There also are what may be called external investments by Africans, whereby many African investors seem to prefer foreign over domestic assets resulting in the highest share of private external assets among developing regions (Collier, Hoeffler and Pattilo, 2001). Although the choice of keeping savings outside of the continent, is not necessarily illicit it has the same effect of starving domestic markets with savings for long term investment.
The lack of strong governance and institutional capacity, accompanied by the liberalization of economies have also contributed to the ease with which surplus capital and savings have fled the continent. If Africa is to attain its projected developmental goals, it will require bold political will and leadership, as well as strong institutions in government, the private sector and civil society in order to drive a national development agenda.
Background: The Drivers of Illicit Financial Flows
Of the many factors that contribute towards the increase of illicit financial flows from Africa, the major one is the liberalisation of financial services and weak regulatory institutions in many countries. Under the Washington Consensus,the imperative for the free movement of capital has been identified as critical for the effective functioning of markets, and although it potentially contributed towards ease of doing business around the world there have also been unintended consequences. The first signs of the negative effects of these reforms was in the Asian crisis . The speculative nature of capital and its direct link with illicit flows has already been raised by many others.

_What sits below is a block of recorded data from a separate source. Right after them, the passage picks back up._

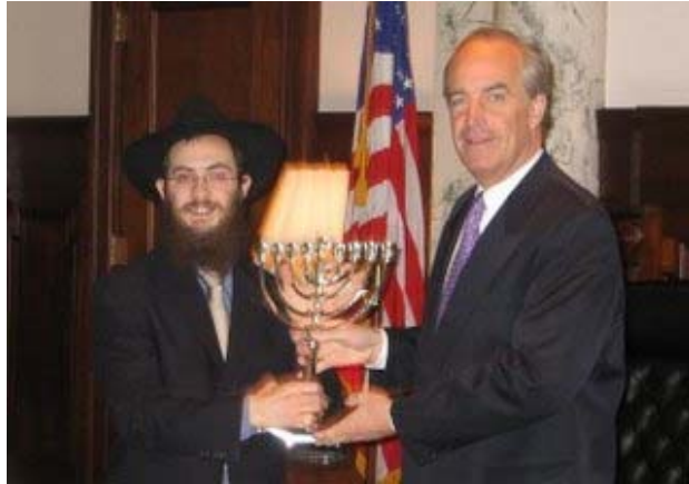
Secretary of the Interior, James E. Risch
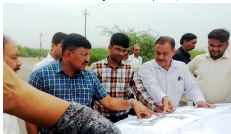
Officials of RO- MPIDC briefed the delegation about the progress of MLF&AC
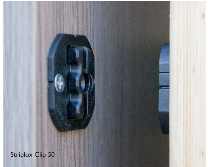
Striplox Clip 50
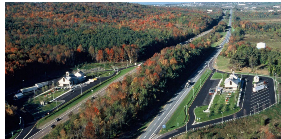
Typical US highway rest area
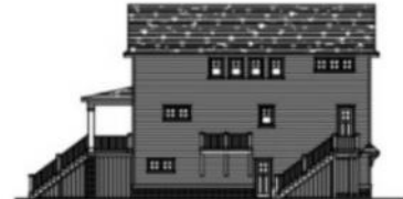
2 RIGHT SIDE ELEVATION SCALE 1/8" = 1'-0"
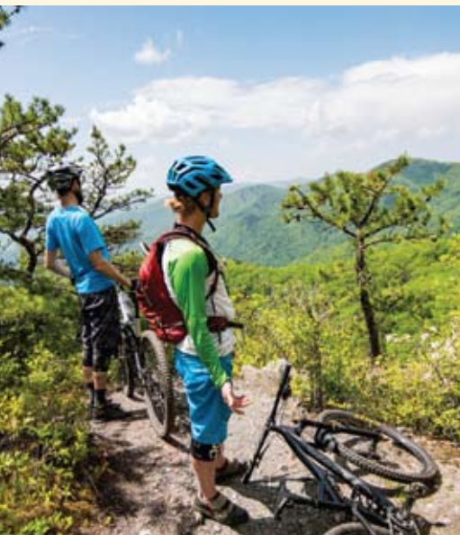
Woods Mountain Trail
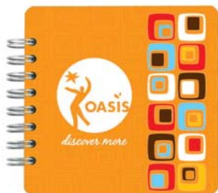
S1R4 - 3 11/16 x 3 11/16
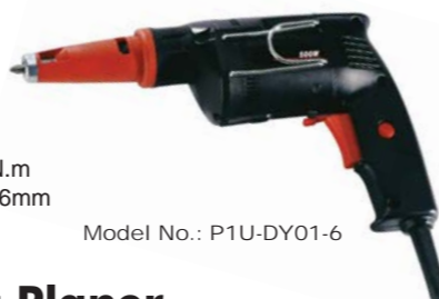
Model No.: P1U-DY01-6
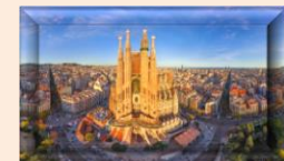
La Sagrada Familia
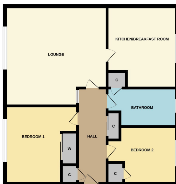
TWO BEDROOM FLAT

Whilst every attempt has been made to ensure the accuracy of the floorplan contained here, measurements of doors, windows, rooms and any other items are approximate and no responsibility is taken for any error, omission or mis-statement. This plan is for illustrative purposes only and should be used as such by any prospective purchaser. The fixtures, systems and appliances shown have not been tested and no guarantee as to their operability or efficiency can be given. Made with floorplan 10000
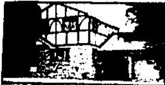
COUNTRY WITH A DIFFERENCE

Open concept. Large, bright living room with fireplace. 3 bedroom, brick and aluminum. Three walkouts to cedar deck, large sunroom. Five minutes to Go train and downtown Georgetown. 1/2 acre lot. Asking $119,900. For appointment call Ila Switzer 877-9500. 70-12
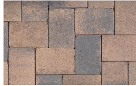
CREAM - BROWN - CHARCOAL
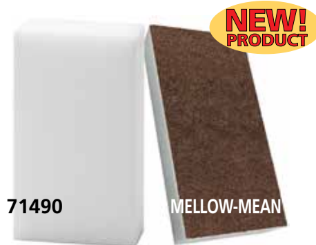
71490 MELLOW-MEAN Eraser Sponges

The melamine block sponge works on stains and marks on all types of surfaces. This sponge is most effective on smooth, hard surfaces with only water required. Hand-size melamine cleaning surface on all sides.
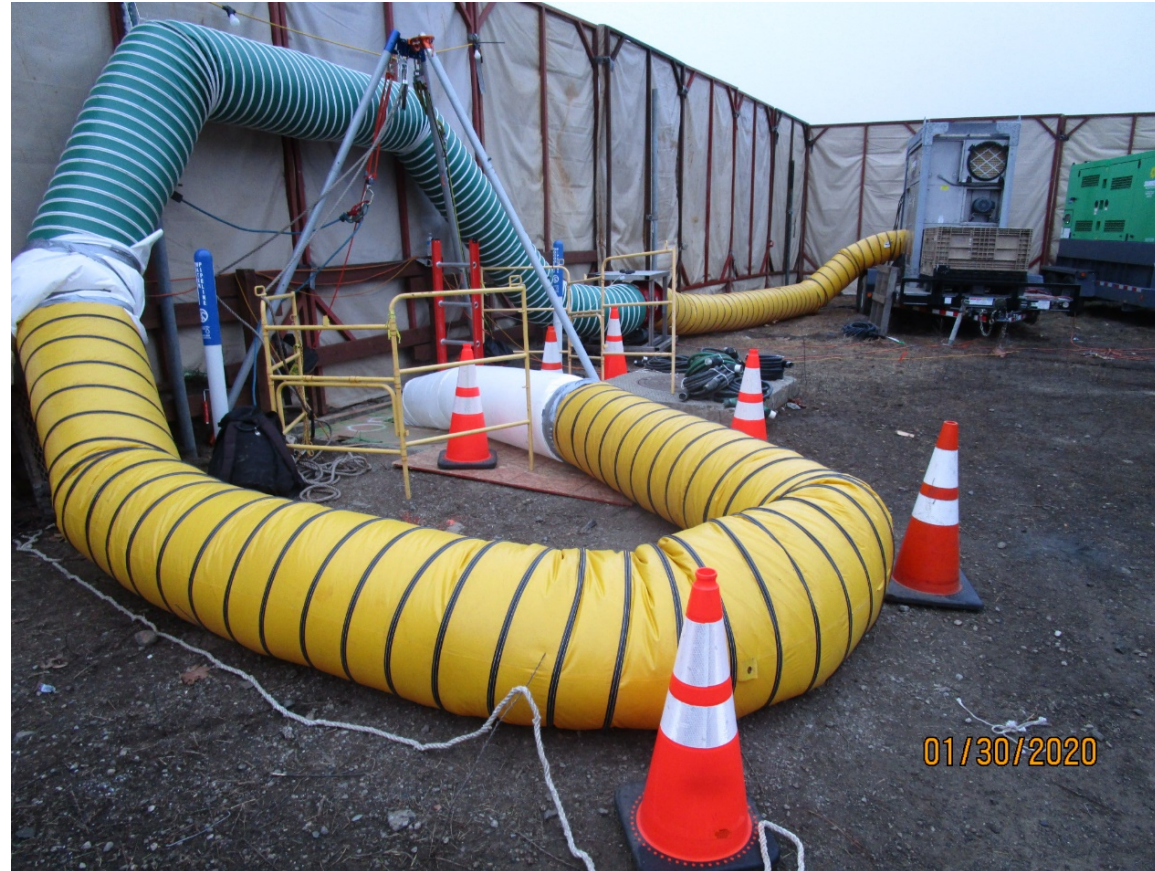
Dehumidifier and heater for installation of carbon fiber.
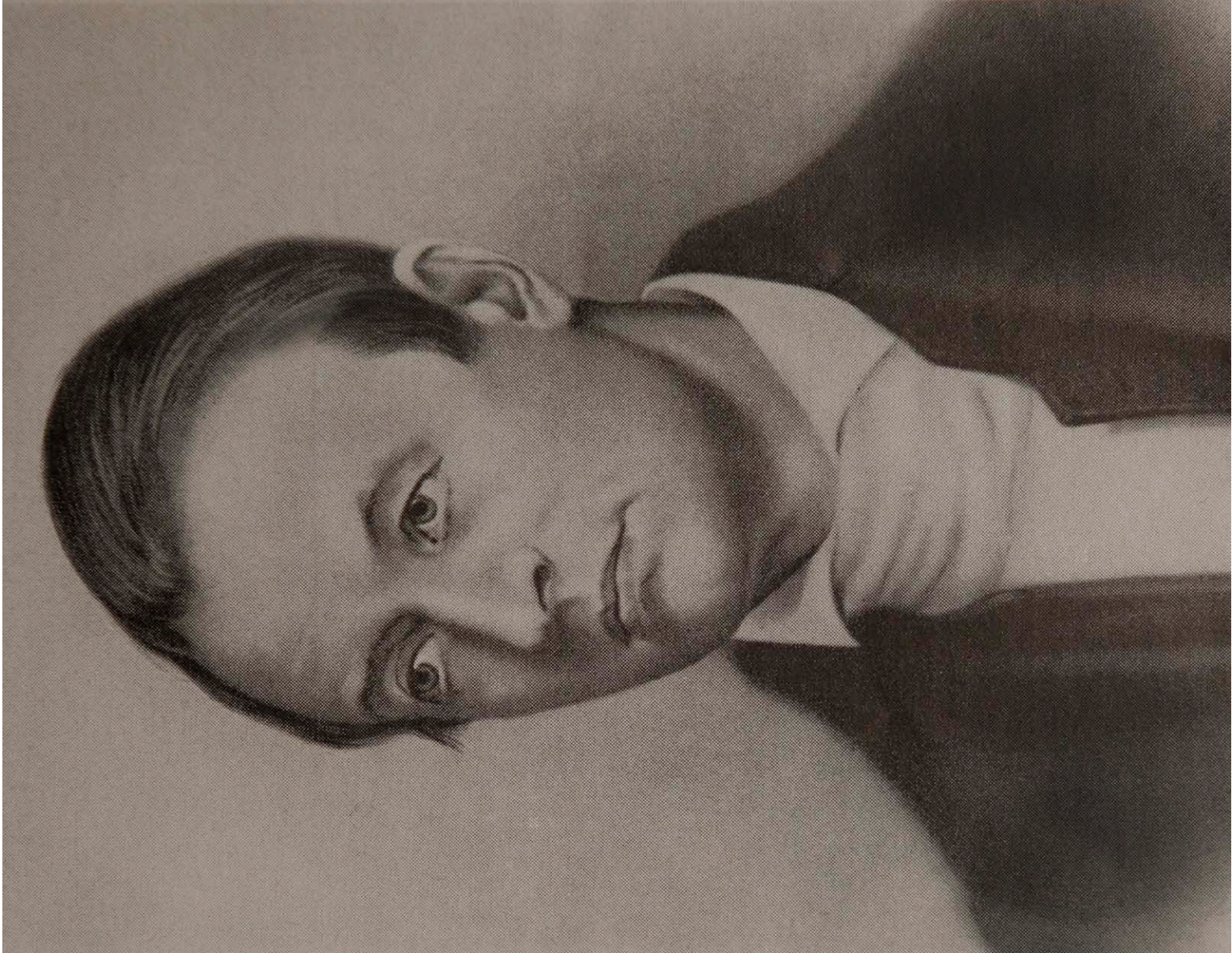
Adoniram Judson (1788–1850)
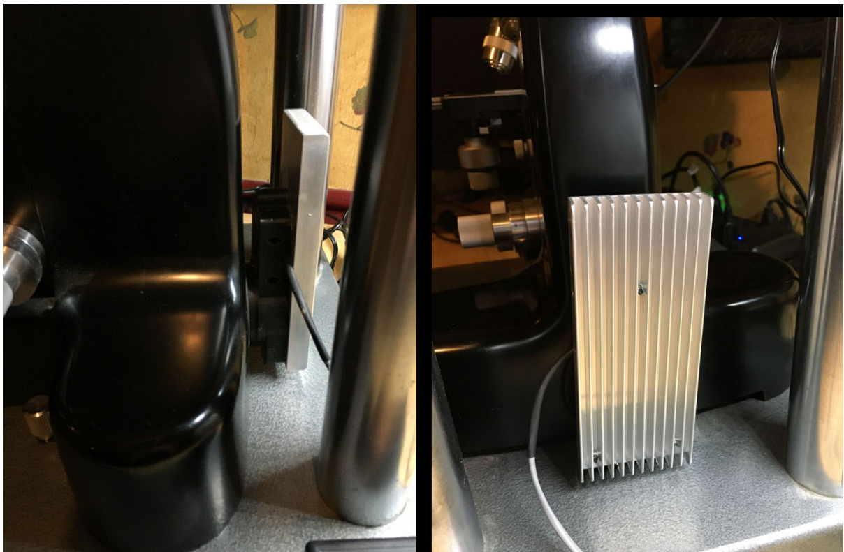
Above: Side and back views of the unit 'in place', on the Ortholux.

In their solution for the Ortholux I, the LED unit replaces the whole lamp assembly so that the collector lenses in front of the old bulb position are gone. It also puts the LED light source forward, and 1.5 inches into the Ortholux's light tunnel. It fits easily, but snugly – the fit is excellent.
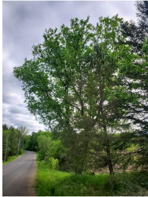
Figure 4: Trees 2 and 3.
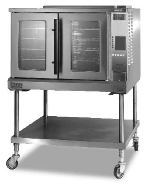
Model ECOD-PT2 shown, with optional 27" stand.
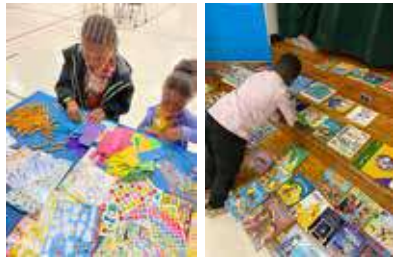
BookWORM at Strong Women, Strong Families Event at Cook Elementary School

Strong Women, Strong Families events strive to improve the health profile of the community with the goals of facilitating relationships with the medical community, educating the community on healthy food preparation, and providing a meal.
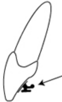
Traditional back side (Lingual) brace

Large, high profile protruding features cause great irritation to tongue, difficulty speaking and creates food trap.
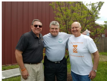
SCARC's 2018 Gordon Shelton Memorial Walk-a-thon
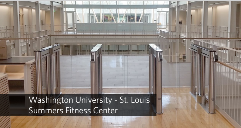
Washington University - St. Louis Summers Fitness Center
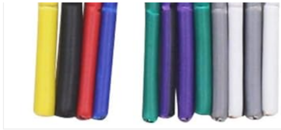
Image: A detailed view of the EASWEL Wire Harness, highlighting the distinct colors of each wire for easy identification during installation.
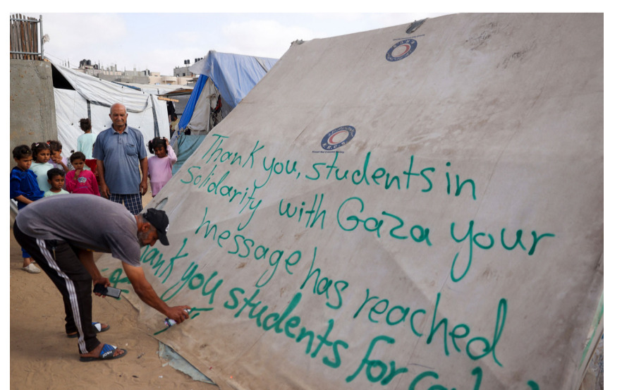
GAZA: A man writes a message of thanks to students in the US protesting in solidarity with the people of Gaza on a tent at a camp for displaced Palestinians in Rafah in the southern Gaza Strip on April 27, 2024.
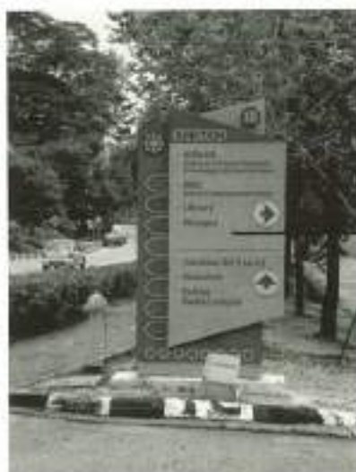
Figure 4: Existing condition
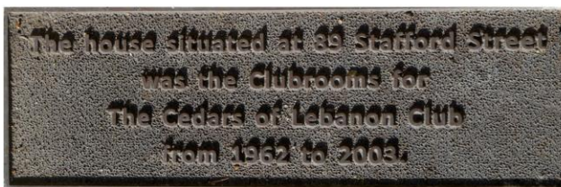
Street Plaque - Stafford St
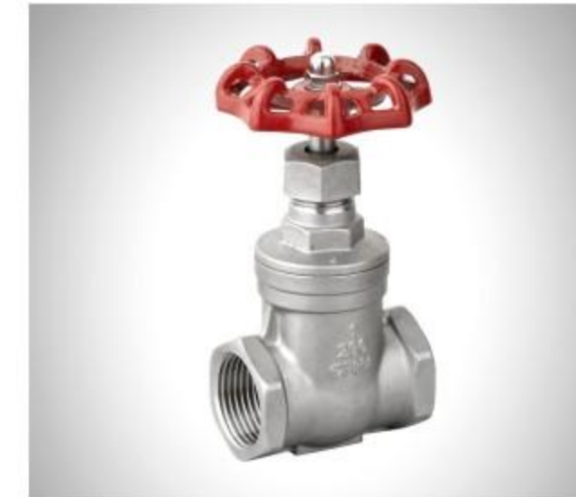
Gate Valve Size:1/2"-4" Material:SS304/SS316 Pressure:200 PSI Threaded:BSPT/BSPP/NPT
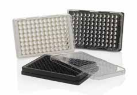
Nunc optical bottom plates
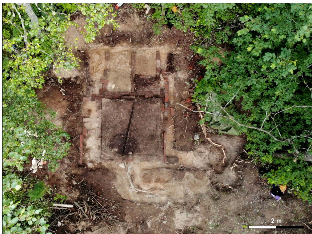
Figure 3. Foundations of a German laundry barrack turned into a sauna.

philosophy, where nature became viewed as a commodity for public consumption (Matila et al. 2021). Also, the stigma attributed to Vaakunakylä of co-operating with the Nazis did not help. The City of Oulu had already taken measures to conceal the last reminders of Nazi past from the local landscape (Ylimaunu et al. 2013).
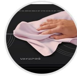
Simply wipe with a clean damp cloth when cool
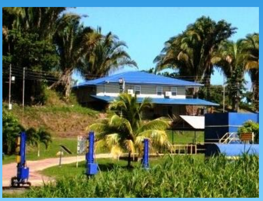
First Digital Oil Field in Trinidad New Horizon's Parrylands
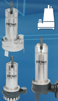
ED - EDV - EGT - EGF up to 36 m 3 /h, 20 m
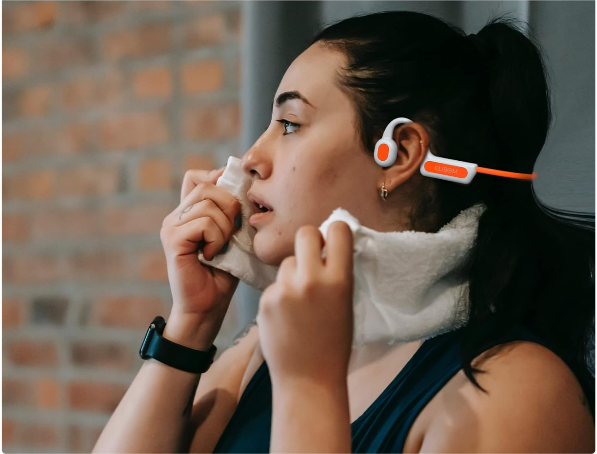
Image: A woman wearing the ELIBOM BC Lite headphones during a workout, demonstrating the secure and comfortable fit.

26.5g Ultra-light Body Ear-hanging, not easy to fall off
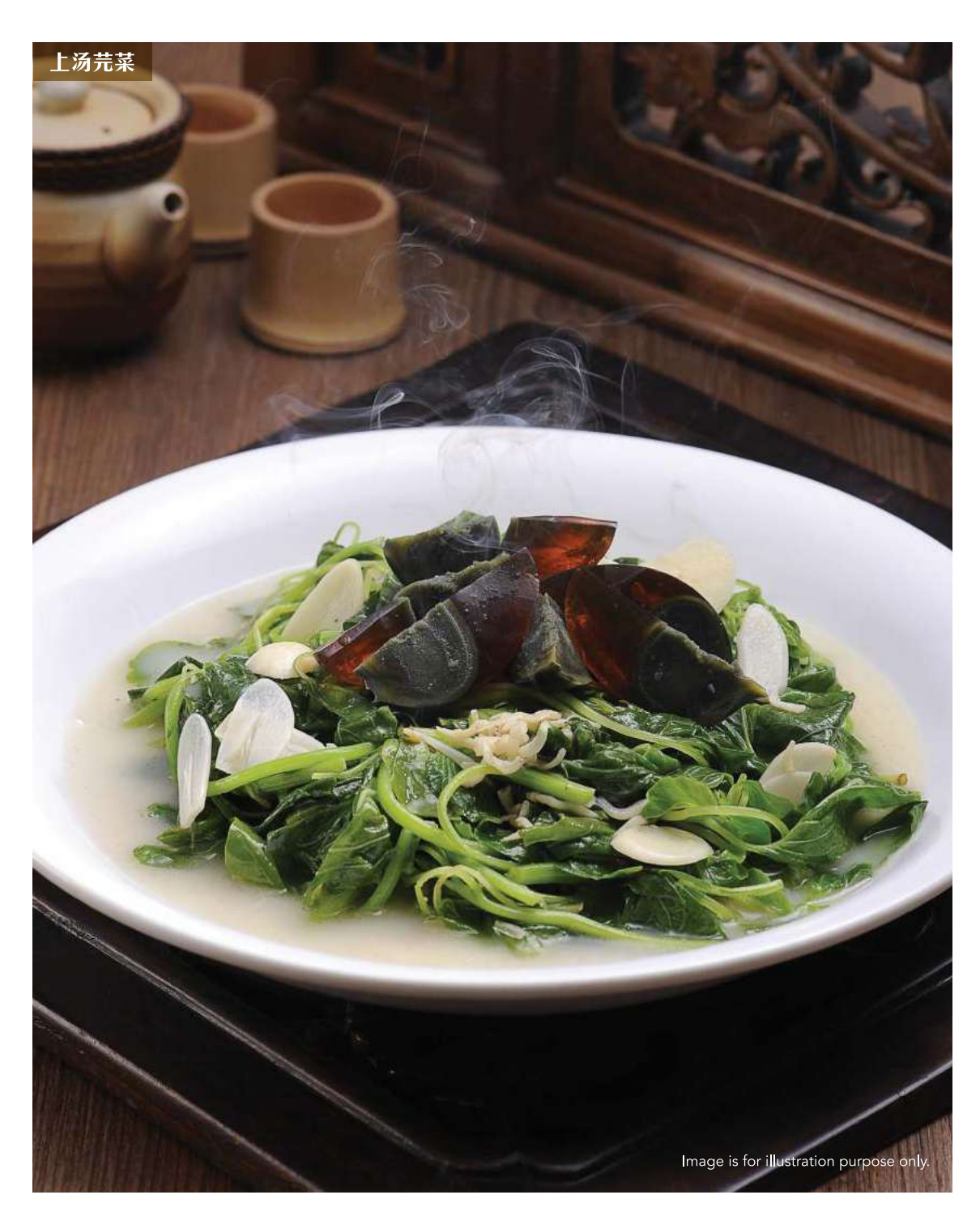
上汤芫菜 Par Boiled Armanath
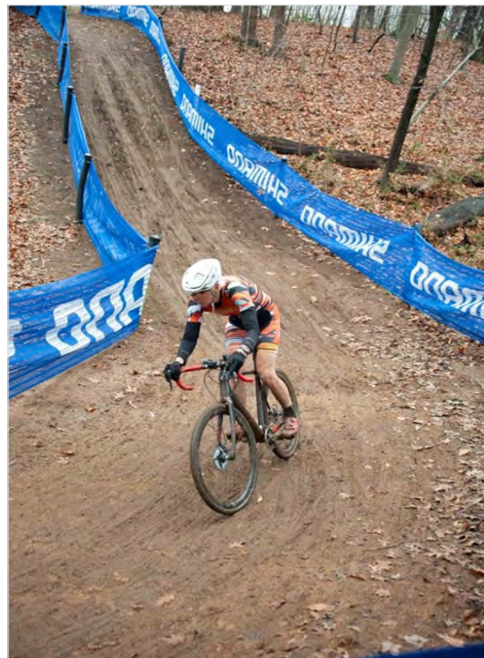
by Rena Schild
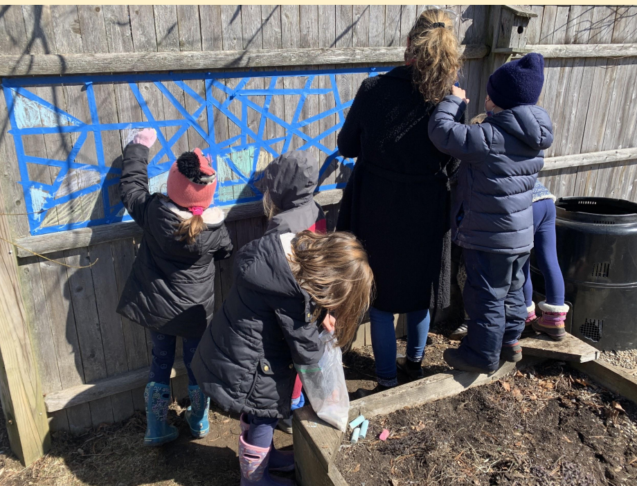
Decorating the fence
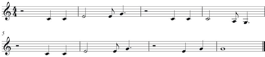
Example 1: “Work” theme from Symphony in Black , author’s transcription.

orchestra, and reenactments of, among other things, hard labor, a child’s funeral, and a nightclub dance. During the section of the film depicting hard labor, as workers are shown shoveling coal into a furnace, an echo of the opening work-song motif of Black, Brown, and Beige can be heard.
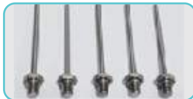
Unopened Capsule Ejection Pin
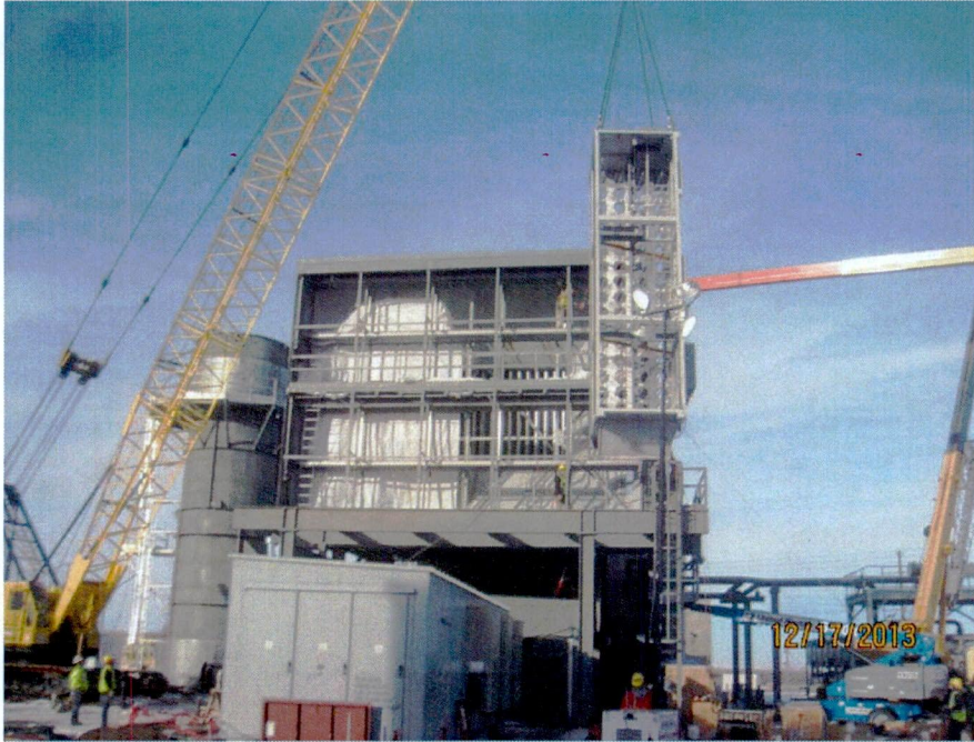
Inlet air filter section installation (looking N)
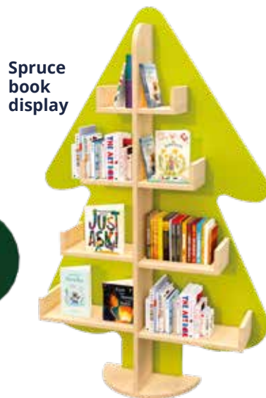
Spruce book display

At the peak of structural adjustment, developing countries were advised against using a heavily regimented regulatory financial services inadvertently creating an enabling environment for tax avoidance. For instance, in Zambia investors bought the copper mines at rock bottom prices, but in less than ten years copper prices were on the rebound but the multi-nationals stuck to the agreements they had entered into with the Chiluba-led government. Take the example of the Konkola copper mines, whilst they earned approximately US$301m in profit in 2006/7, they allegedly only paid US$6.1million in taxes during the same period. The Zambian example unfortunately is not isolated, many countries entered into mining agreements during the period of liberalization. The indicator of growth that dominated the discourse at the time was the number of jobs created.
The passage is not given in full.